------ Source material ------

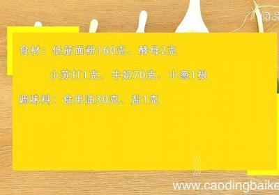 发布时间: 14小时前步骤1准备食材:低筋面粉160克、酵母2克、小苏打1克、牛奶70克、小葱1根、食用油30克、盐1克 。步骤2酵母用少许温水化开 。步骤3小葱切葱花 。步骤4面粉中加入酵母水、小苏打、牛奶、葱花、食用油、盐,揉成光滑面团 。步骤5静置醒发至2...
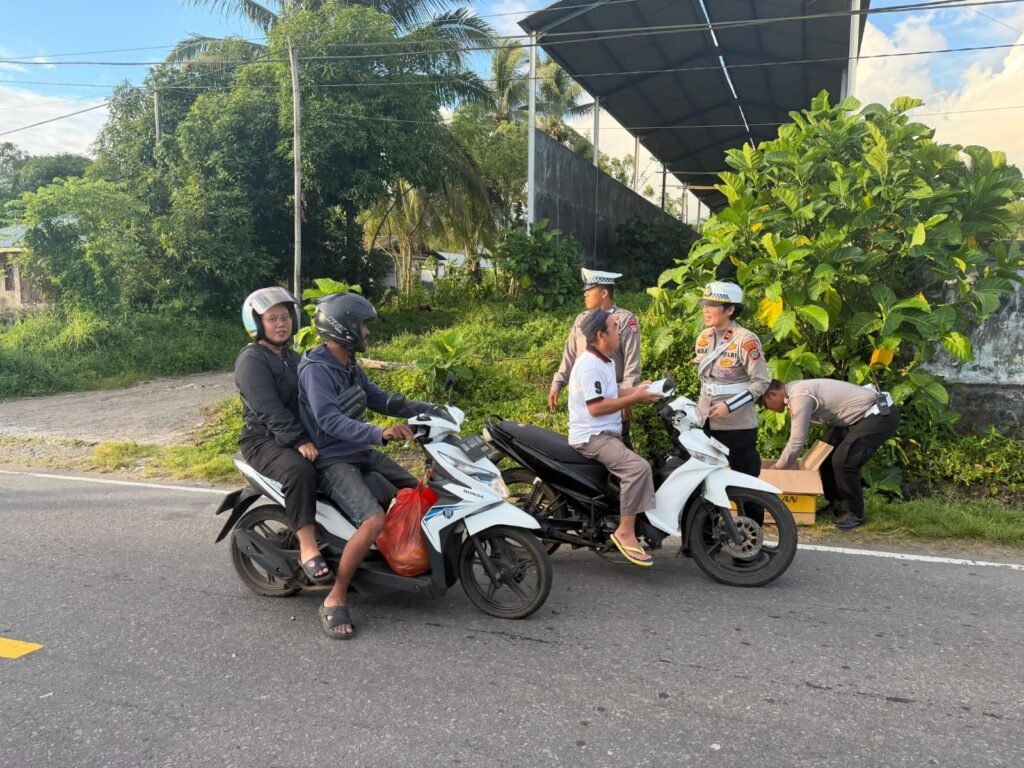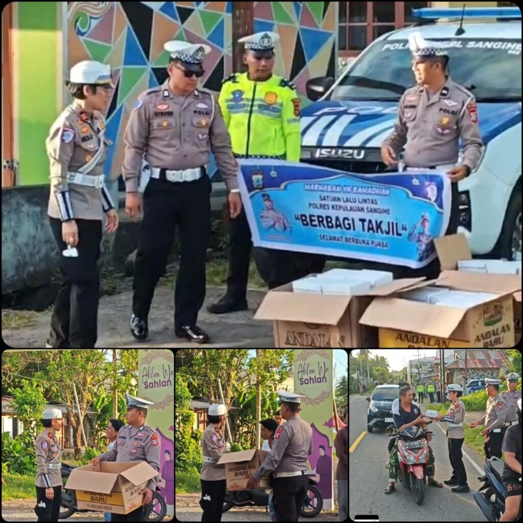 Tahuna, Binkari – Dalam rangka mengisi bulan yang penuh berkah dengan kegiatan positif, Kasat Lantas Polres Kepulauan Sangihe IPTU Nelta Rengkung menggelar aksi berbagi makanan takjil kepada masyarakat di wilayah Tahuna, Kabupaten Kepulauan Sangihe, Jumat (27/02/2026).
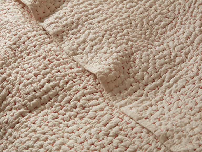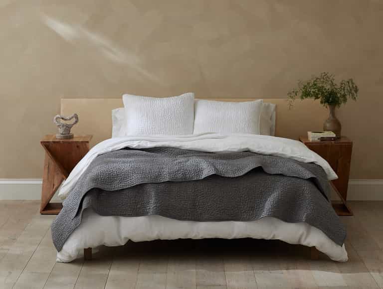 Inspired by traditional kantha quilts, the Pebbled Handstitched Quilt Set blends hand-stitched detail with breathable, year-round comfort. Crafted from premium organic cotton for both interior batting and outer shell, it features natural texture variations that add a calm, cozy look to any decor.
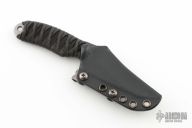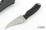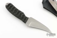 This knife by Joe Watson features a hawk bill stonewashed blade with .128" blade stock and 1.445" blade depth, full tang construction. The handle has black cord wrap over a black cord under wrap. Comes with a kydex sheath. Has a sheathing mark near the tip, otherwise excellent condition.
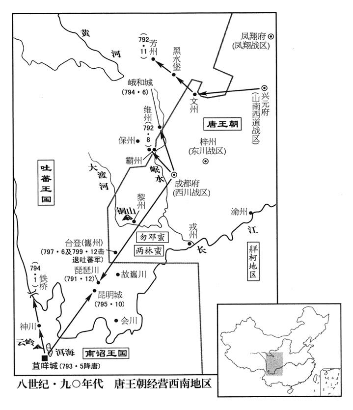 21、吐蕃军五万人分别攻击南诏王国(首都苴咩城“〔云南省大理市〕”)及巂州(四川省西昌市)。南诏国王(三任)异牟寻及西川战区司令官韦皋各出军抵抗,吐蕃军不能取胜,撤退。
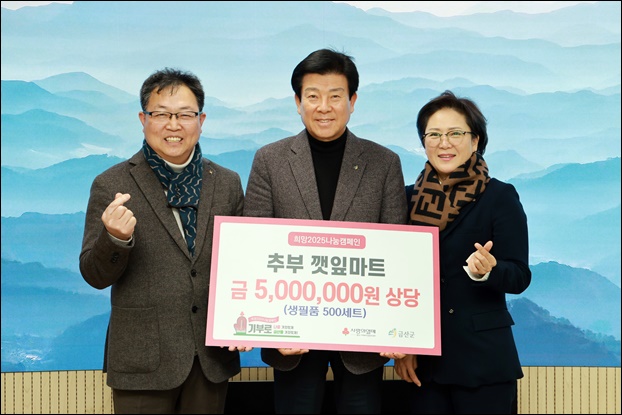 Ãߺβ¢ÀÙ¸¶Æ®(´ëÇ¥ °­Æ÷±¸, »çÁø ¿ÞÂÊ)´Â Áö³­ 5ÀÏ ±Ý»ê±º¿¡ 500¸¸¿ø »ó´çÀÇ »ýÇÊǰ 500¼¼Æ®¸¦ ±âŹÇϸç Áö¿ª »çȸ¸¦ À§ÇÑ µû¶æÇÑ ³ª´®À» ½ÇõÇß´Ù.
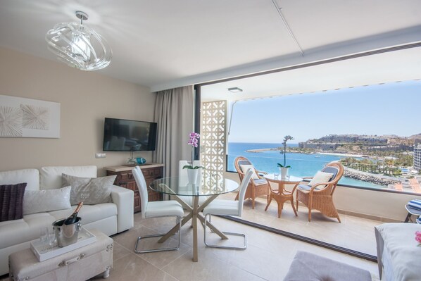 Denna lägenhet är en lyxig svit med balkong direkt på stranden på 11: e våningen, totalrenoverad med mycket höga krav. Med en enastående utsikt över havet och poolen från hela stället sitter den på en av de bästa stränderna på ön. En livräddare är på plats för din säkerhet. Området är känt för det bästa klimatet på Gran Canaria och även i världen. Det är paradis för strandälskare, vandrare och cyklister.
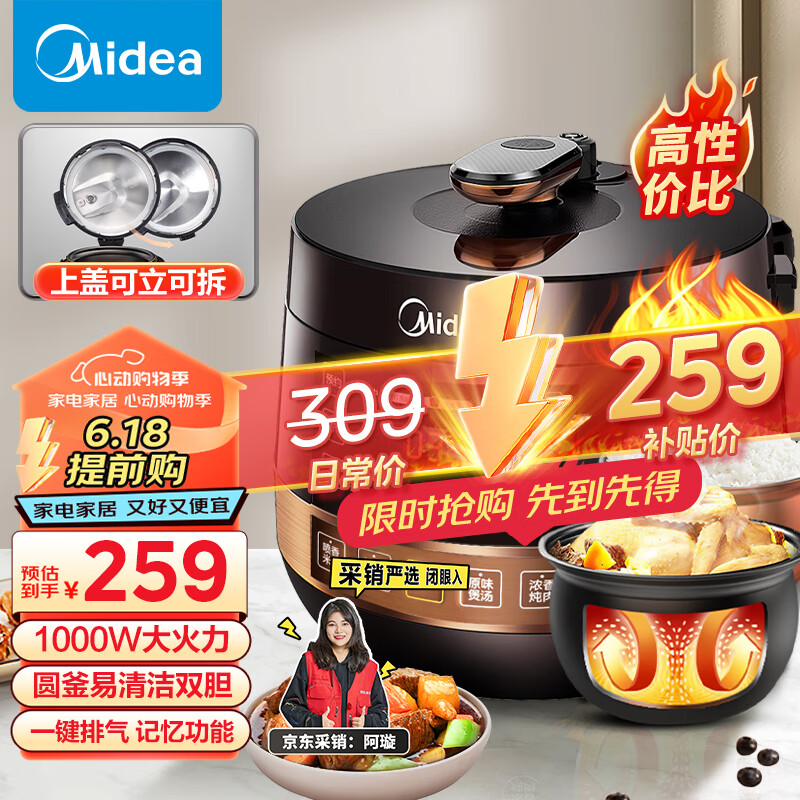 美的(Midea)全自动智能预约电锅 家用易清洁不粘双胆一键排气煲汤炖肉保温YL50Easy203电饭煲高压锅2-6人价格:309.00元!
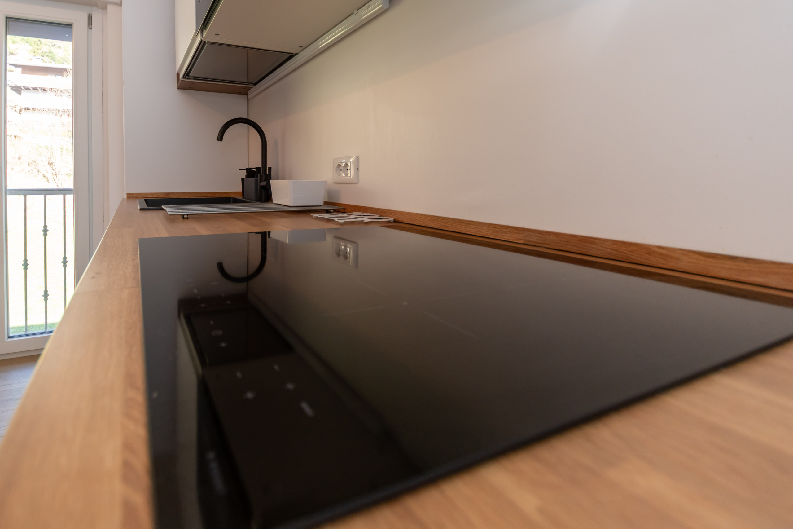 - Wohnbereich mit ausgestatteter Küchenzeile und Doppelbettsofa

------

> [Exercise requirements]: From the line containing "21、吐蕃军五万人分别攻击南" down to the last line of the entries above, copy each line exactly and nothing more. Leave pictures out.

> [Answer space]:
 21、吐蕃军五万人分别攻击南诏王国(首都苴咩城“〔云南省大理市〕”)及巂州(四川省西昌市)。南诏国王(三任)异牟寻及西川战区司令官韦皋各出军抵抗,吐蕃军不能取胜,撤退。
 Ãߺβ¢ÀÙ¸¶Æ®(´ëÇ¥ °­Æ÷±¸, »çÁø ¿ÞÂÊ)´Â Áö³­ 5ÀÏ ±Ý»ê±º¿¡ 500¸¸¿ø »ó´çÀÇ »ýÇÊǰ 500¼¼Æ®¸¦ ±âŹÇϸç Áö¿ª »çȸ¸¦ À§ÇÑ µû¶æÇÑ ³ª´®À» ½ÇõÇß´Ù.
 Denna lägenhet är en lyxig svit med balkong direkt på stranden på 11: e våningen, totalrenoverad med mycket höga krav. Med en enastående utsikt över havet och poolen från hela stället sitter den på en av de bästa stränderna på ön. En livräddare är på plats för din säkerhet. Området är känt för det bästa klimatet på Gran Canaria och även i världen. Det är paradis för strandälskare, vandrare och cyklister.
 美的(Midea)全自动智能预约电锅 家用易清洁不粘双胆一键排气煲汤炖肉保温YL50Easy203电饭煲高压锅2-6人价格:309.00元!
 - Wohnbereich mit ausgestatteter Küchenzeile und Doppelbettsofa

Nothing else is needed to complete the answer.